**TASK INSTRUCTIONS:** With the images removed, reproduce each entry below word for word.

**DATA FOR ANALYSIS:**

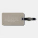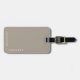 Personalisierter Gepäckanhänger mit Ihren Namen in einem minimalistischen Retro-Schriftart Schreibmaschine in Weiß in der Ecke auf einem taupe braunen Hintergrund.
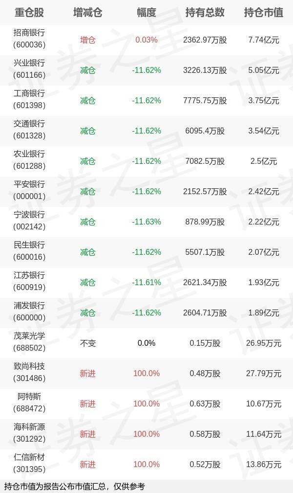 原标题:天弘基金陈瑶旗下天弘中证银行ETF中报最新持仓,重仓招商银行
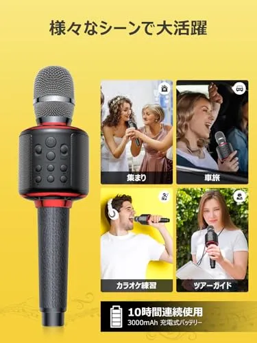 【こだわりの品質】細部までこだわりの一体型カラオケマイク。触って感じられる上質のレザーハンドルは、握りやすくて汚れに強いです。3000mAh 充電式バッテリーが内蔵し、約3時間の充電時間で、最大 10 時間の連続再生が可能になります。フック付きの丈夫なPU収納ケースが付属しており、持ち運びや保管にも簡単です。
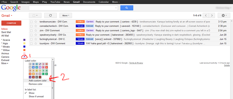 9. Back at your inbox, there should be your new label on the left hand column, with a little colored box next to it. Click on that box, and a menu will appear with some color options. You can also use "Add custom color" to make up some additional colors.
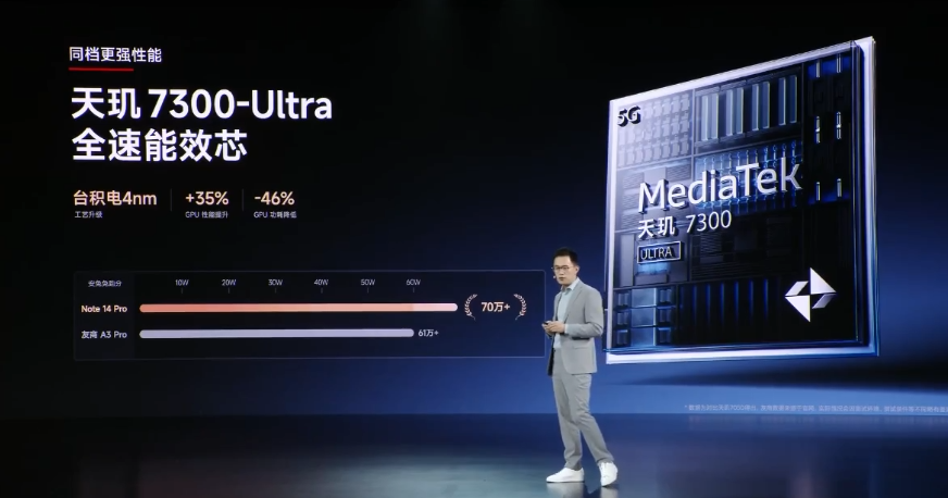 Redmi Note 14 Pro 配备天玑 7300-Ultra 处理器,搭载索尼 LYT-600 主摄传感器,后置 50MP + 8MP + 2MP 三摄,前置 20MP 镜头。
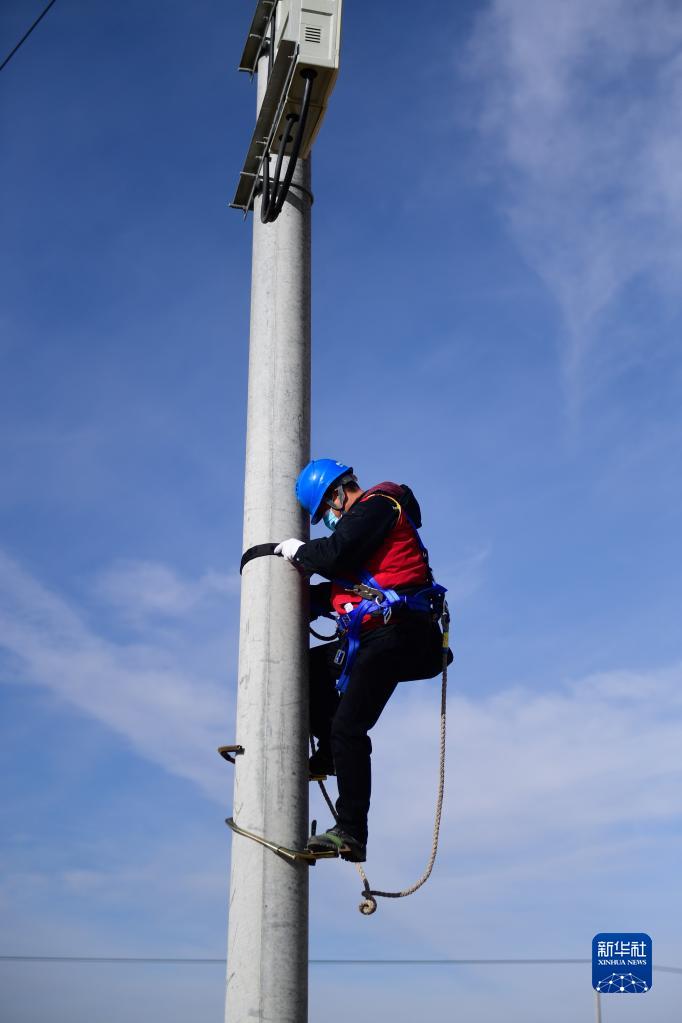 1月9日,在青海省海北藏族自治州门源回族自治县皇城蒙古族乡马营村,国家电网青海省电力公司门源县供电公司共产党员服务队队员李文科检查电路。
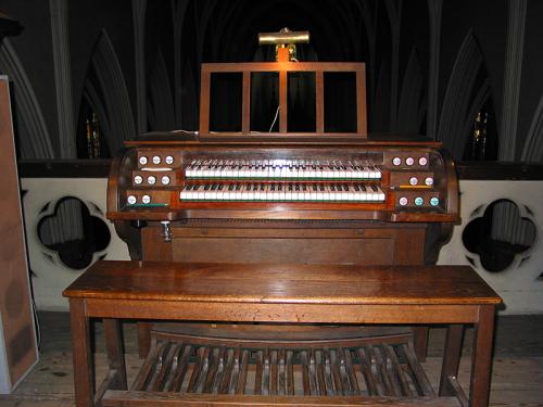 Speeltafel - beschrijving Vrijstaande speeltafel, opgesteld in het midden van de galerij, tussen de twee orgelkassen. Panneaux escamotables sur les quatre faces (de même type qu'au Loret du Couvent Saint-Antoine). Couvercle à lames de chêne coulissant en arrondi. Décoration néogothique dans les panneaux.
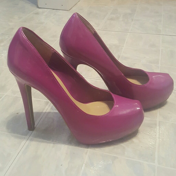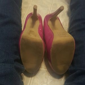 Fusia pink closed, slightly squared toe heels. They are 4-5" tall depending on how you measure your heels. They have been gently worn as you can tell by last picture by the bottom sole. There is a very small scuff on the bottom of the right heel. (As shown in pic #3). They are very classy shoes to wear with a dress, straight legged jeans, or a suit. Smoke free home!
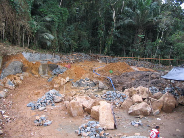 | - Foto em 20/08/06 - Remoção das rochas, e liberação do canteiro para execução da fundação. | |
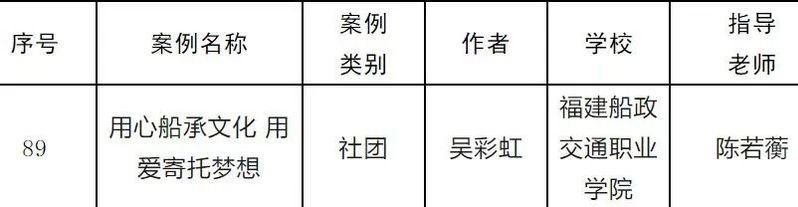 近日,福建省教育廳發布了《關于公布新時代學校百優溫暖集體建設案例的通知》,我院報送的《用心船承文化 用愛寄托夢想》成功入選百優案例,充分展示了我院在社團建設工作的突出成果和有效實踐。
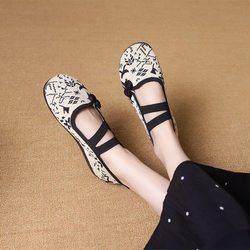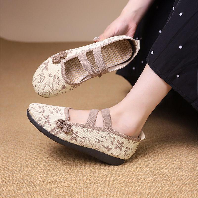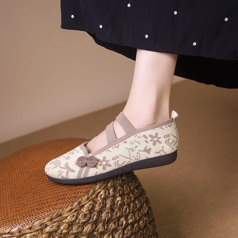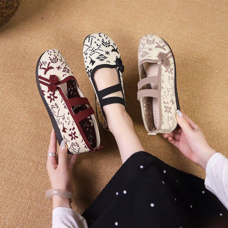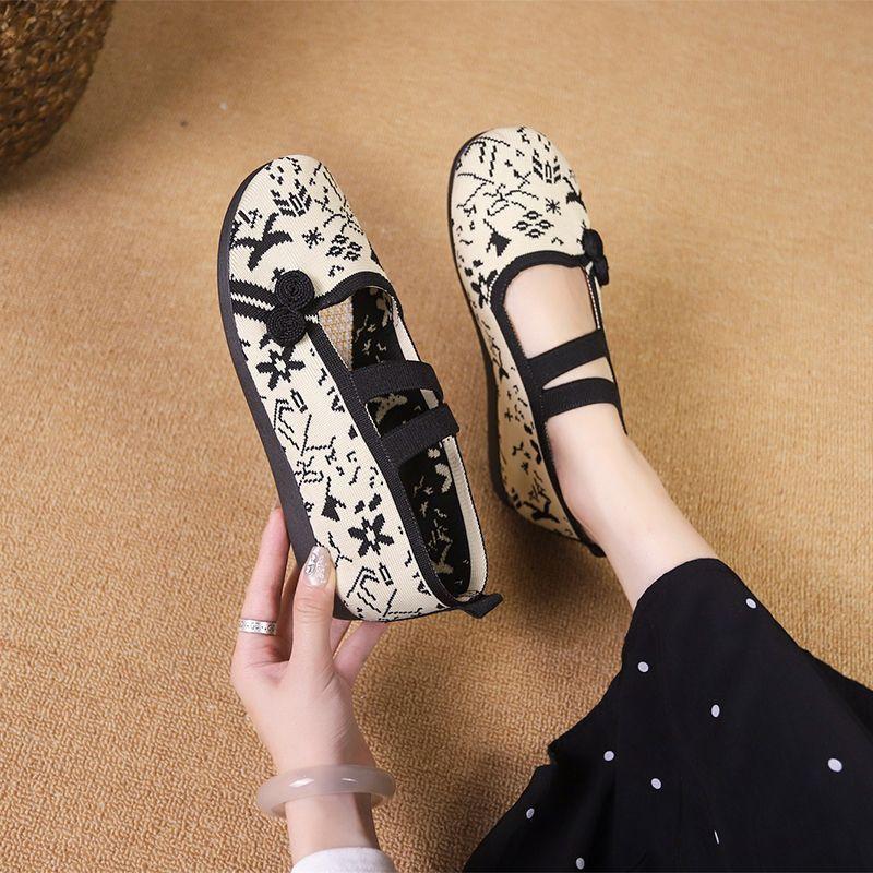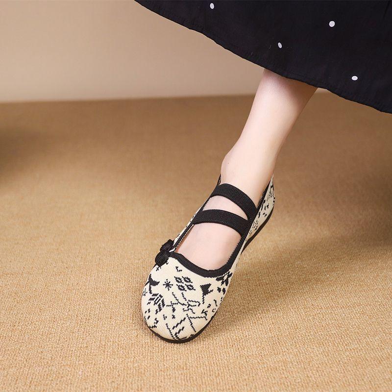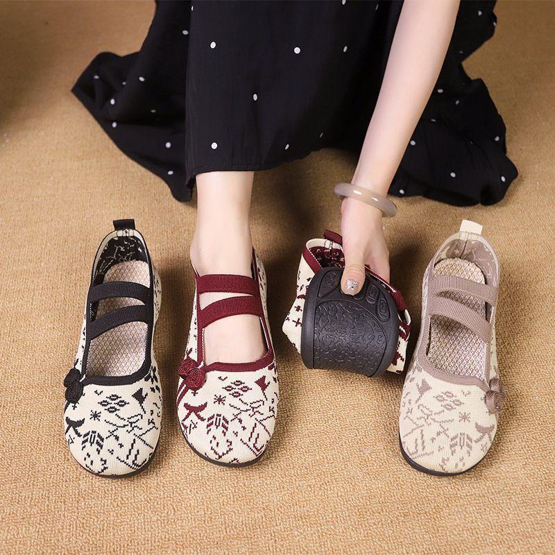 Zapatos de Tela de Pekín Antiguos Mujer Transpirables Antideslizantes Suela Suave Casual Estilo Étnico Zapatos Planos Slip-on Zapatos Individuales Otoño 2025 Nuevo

**TASK OUTPUT:**
 Personalisierter Gepäckanhänger mit Ihren Namen in einem minimalistischen Retro-Schriftart Schreibmaschine in Weiß in der Ecke auf einem taupe braunen Hintergrund.
 原标题:天弘基金陈瑶旗下天弘中证银行ETF中报最新持仓,重仓招商银行
 【こだわりの品質】細部までこだわりの一体型カラオケマイク。触って感じられる上質のレザーハンドルは、握りやすくて汚れに強いです。3000mAh 充電式バッテリーが内蔵し、約3時間の充電時間で、最大 10 時間の連続再生が可能になります。フック付きの丈夫なPU収納ケースが付属しており、持ち運びや保管にも簡単です。
 9. Back at your inbox, there should be your new label on the left hand column, with a little colored box next to it. Click on that box, and a menu will appear with some color options. You can also use "Add custom color" to make up some additional colors.
 Redmi Note 14 Pro 配备天玑 7300-Ultra 处理器,搭载索尼 LYT-600 主摄传感器,后置 50MP + 8MP + 2MP 三摄,前置 20MP 镜头。
 1月9日,在青海省海北藏族自治州门源回族自治县皇城蒙古族乡马营村,国家电网青海省电力公司门源县供电公司共产党员服务队队员李文科检查电路。
 Speeltafel - beschrijving Vrijstaande speeltafel, opgesteld in het midden van de galerij, tussen de twee orgelkassen. Panneaux escamotables sur les quatre faces (de même type qu'au Loret du Couvent Saint-Antoine). Couvercle à lames de chêne coulissant en arrondi. Décoration néogothique dans les panneaux.
 Fusia pink closed, slightly squared toe heels. They are 4-5" tall depending on how you measure your heels. They have been gently worn as you can tell by last picture by the bottom sole. There is a very small scuff on the bottom of the right heel. (As shown in pic #3). They are very classy shoes to wear with a dress, straight legged jeans, or a suit. Smoke free home!
 | - Foto em 20/08/06 - Remoção das rochas, e liberação do canteiro para execução da fundação. | |
 近日,福建省教育廳發布了《關于公布新時代學校百優溫暖集體建設案例的通知》,我院報送的《用心船承文化 用愛寄托夢想》成功入選百優案例,充分展示了我院在社團建設工作的突出成果和有效實踐。
 Zapatos de Tela de Pekín Antiguos Mujer Transpirables Antideslizantes Suela Suave Casual Estilo Étnico Zapatos Planos Slip-on Zapatos Individuales Otoño 2025 Nuevo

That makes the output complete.